▸ **ACTION ITEM**
From the entries below, write out exactly the lines between the line holding "Часы Breitling Top" and the line holding "- 【Complete In", inclusive, excluding any pictures.

▸ **GIVEN DATA**
+ + +
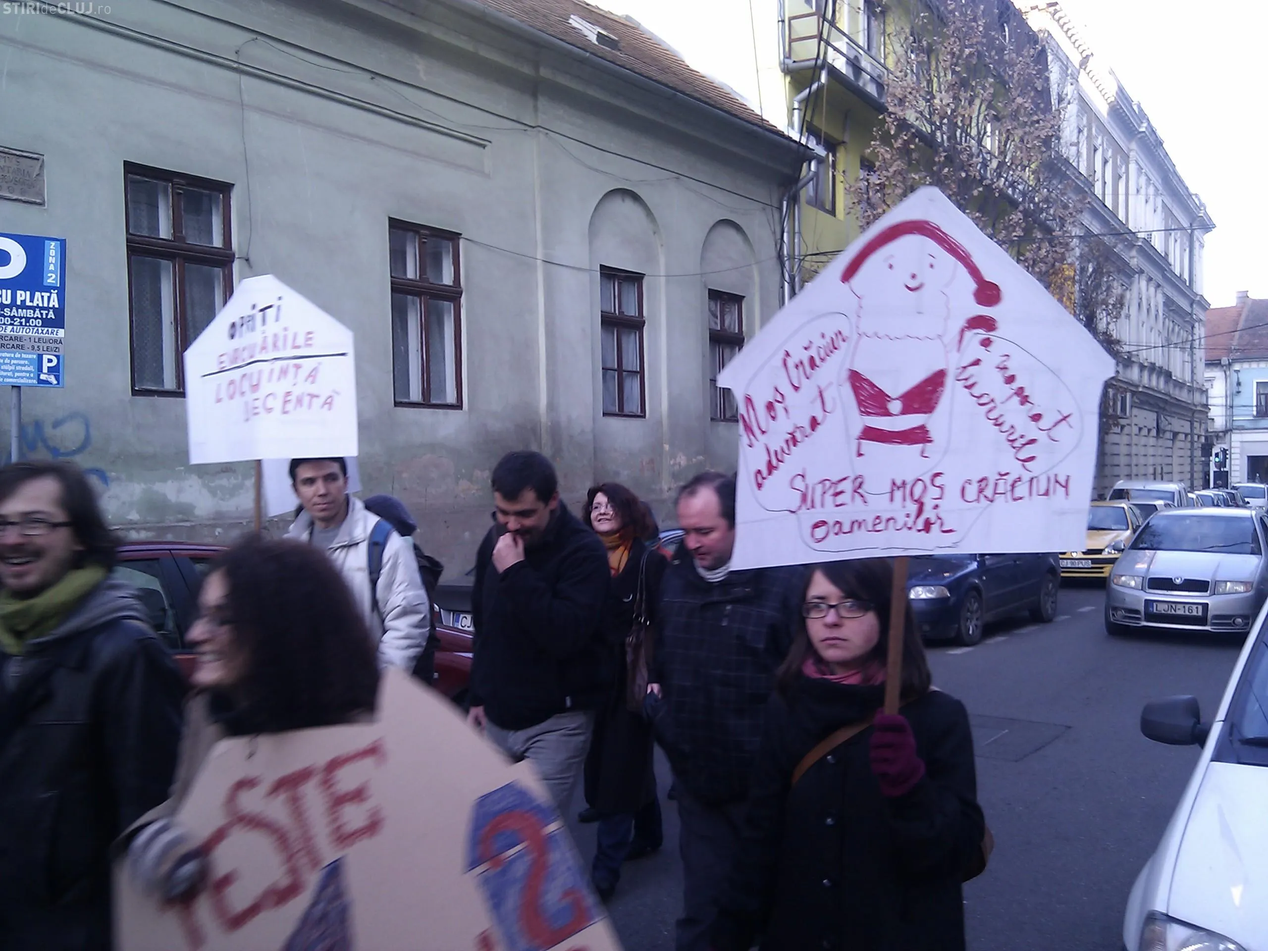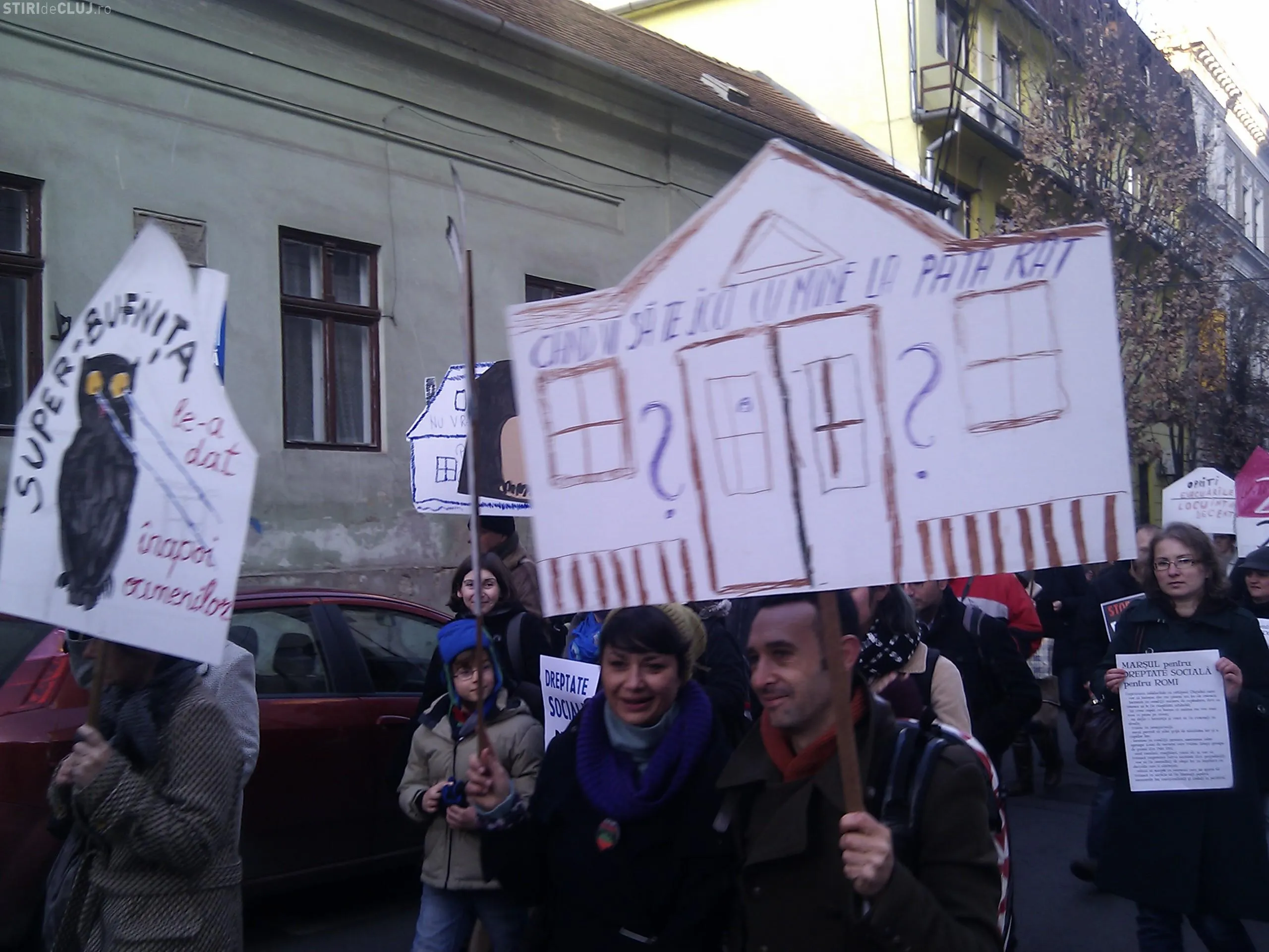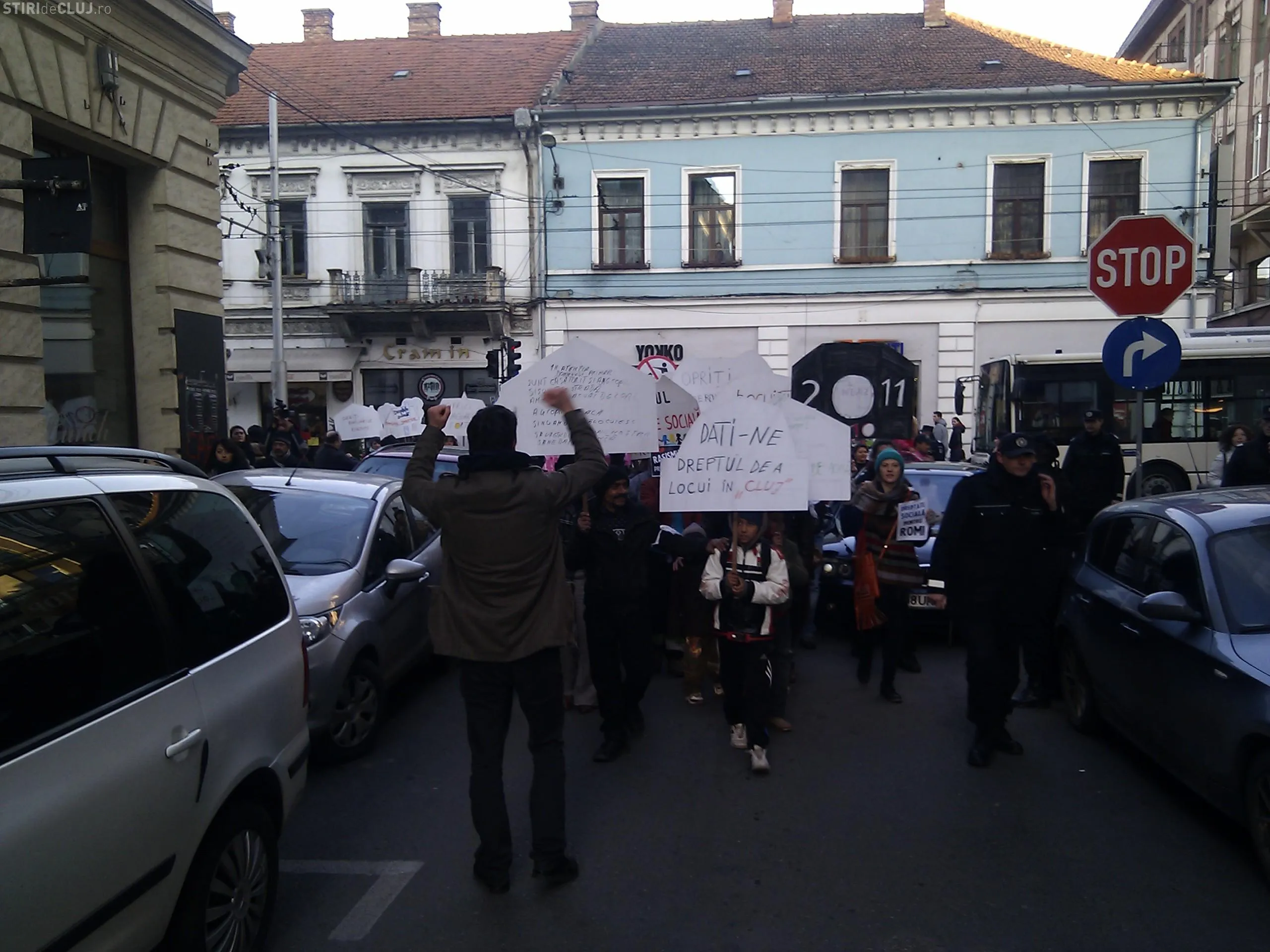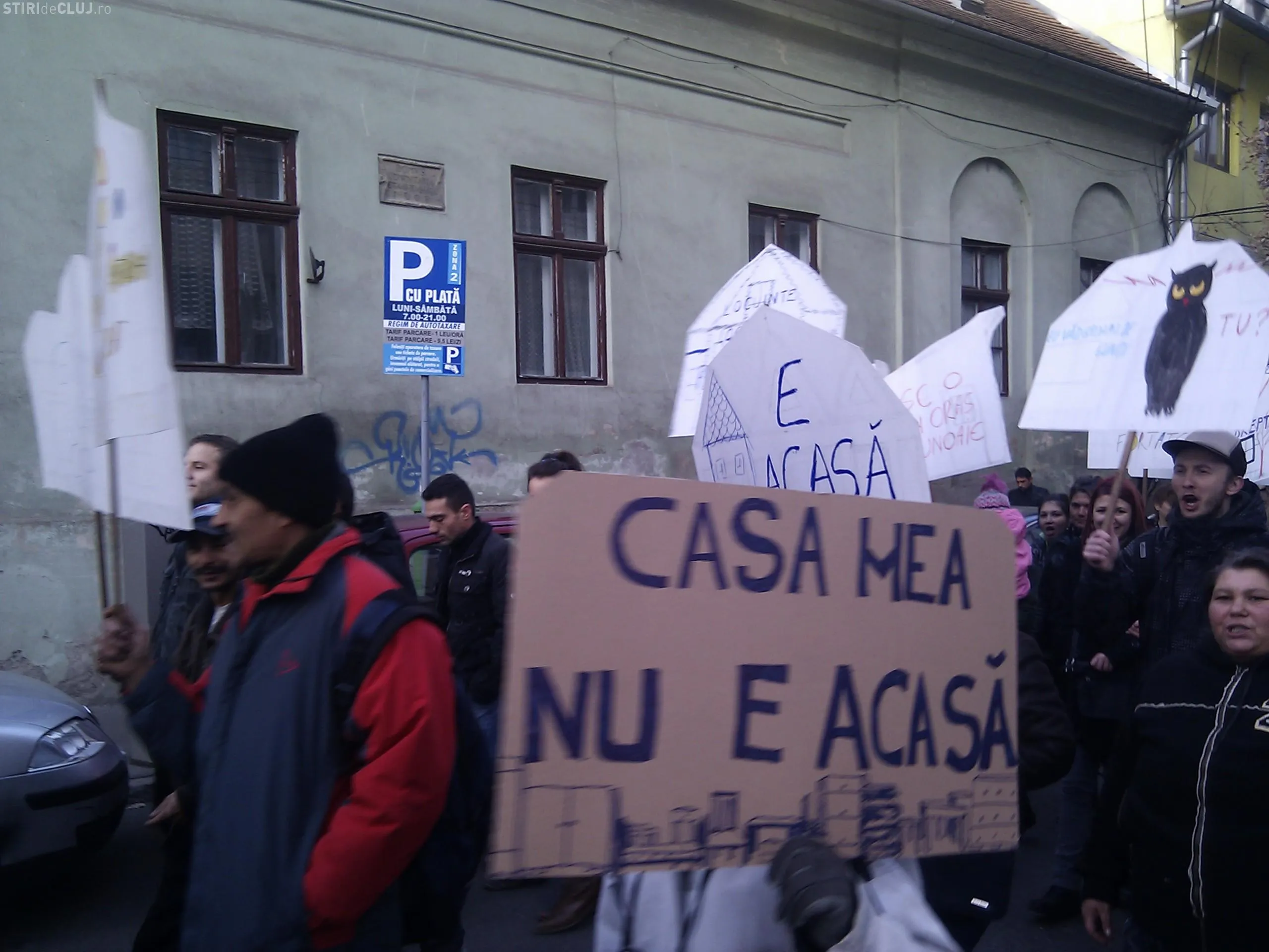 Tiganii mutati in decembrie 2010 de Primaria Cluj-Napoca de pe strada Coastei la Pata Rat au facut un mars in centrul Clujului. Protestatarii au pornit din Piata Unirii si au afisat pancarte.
+ + +
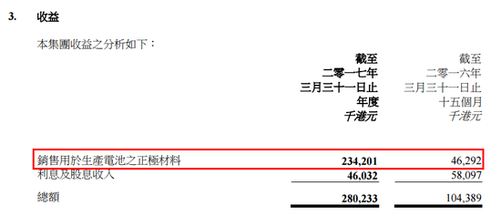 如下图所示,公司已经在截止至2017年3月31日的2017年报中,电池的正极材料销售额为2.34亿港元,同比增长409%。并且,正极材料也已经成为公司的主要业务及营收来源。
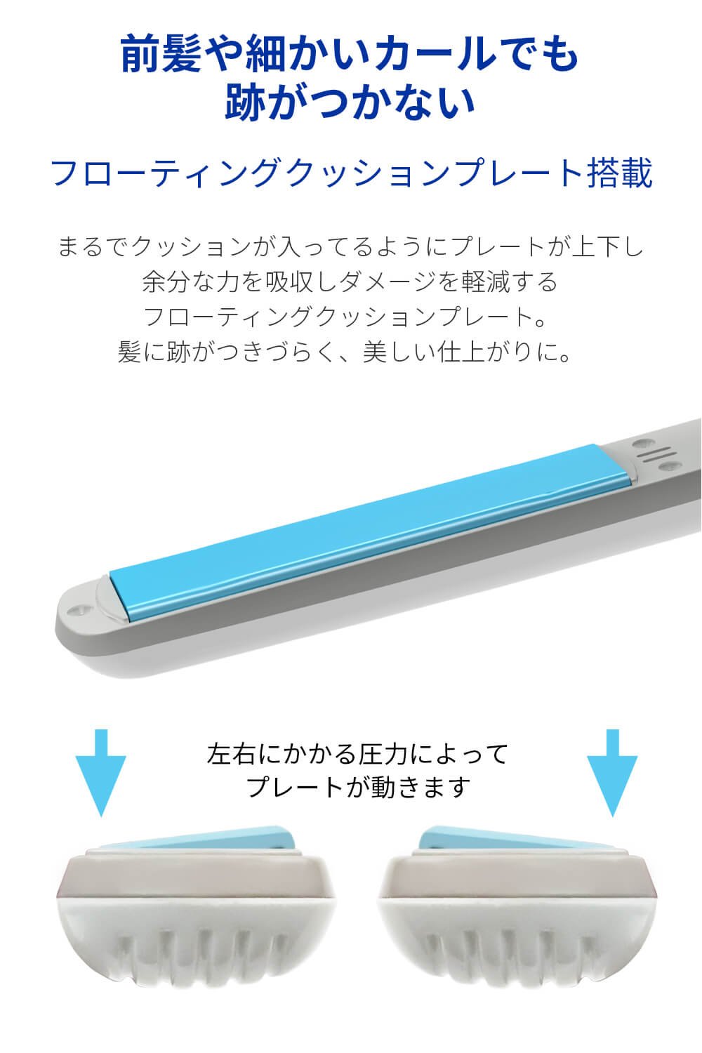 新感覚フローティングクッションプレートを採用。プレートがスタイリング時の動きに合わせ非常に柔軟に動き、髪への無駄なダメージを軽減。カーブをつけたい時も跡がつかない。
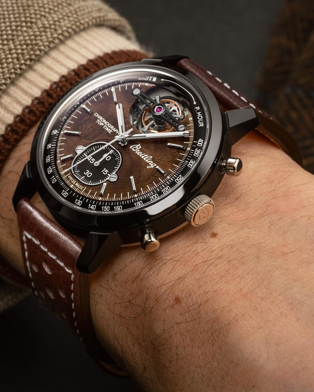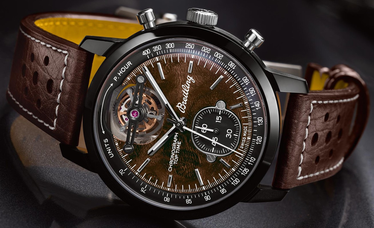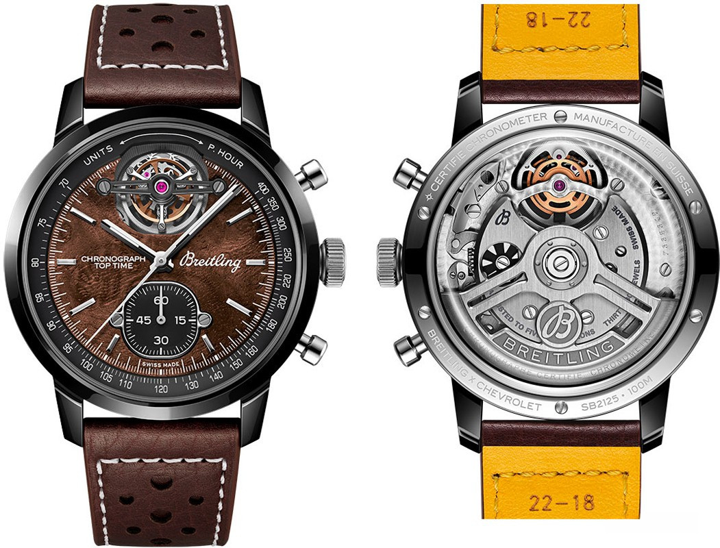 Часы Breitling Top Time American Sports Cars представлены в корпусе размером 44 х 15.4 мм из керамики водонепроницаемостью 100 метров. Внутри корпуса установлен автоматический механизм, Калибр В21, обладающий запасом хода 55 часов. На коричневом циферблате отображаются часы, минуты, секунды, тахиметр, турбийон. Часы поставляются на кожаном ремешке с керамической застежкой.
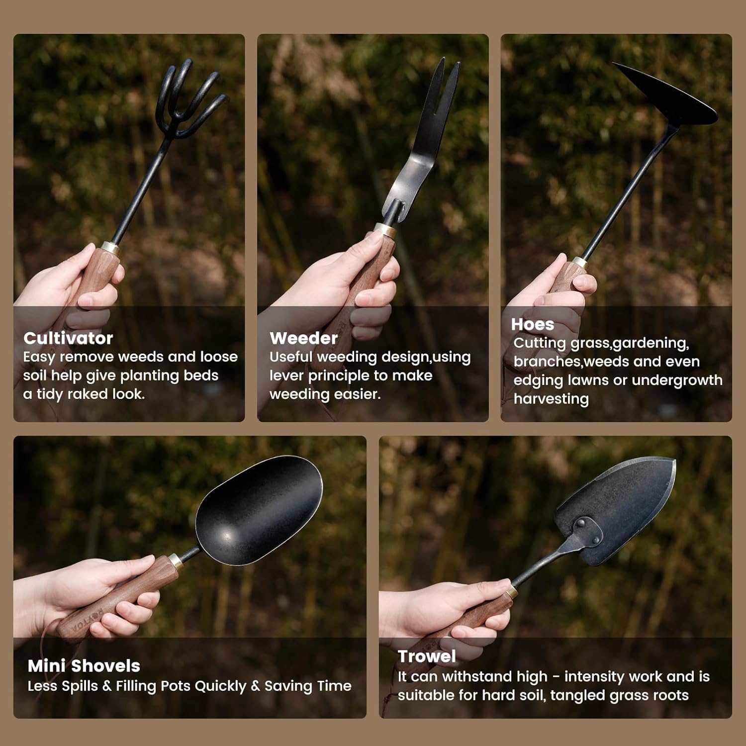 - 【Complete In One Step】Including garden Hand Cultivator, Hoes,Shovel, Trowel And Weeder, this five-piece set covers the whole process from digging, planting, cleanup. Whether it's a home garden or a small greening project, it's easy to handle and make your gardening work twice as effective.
+ + +
▸ **EXERCISE RESPONSE**
 Часы Breitling Top Time American Sports Cars представлены в корпусе размером 44 х 15.4 мм из керамики водонепроницаемостью 100 метров. Внутри корпуса установлен автоматический механизм, Калибр В21, обладающий запасом хода 55 часов. На коричневом циферблате отображаются часы, минуты, секунды, тахиметр, турбийон. Часы поставляются на кожаном ремешке с керамической застежкой.
 - 【Complete In One Step】Including garden Hand Cultivator, Hoes,Shovel, Trowel And Weeder, this five-piece set covers the whole process from digging, planting, cleanup. Whether it's a home garden or a small greening project, it's easy to handle and make your gardening work twice as effective.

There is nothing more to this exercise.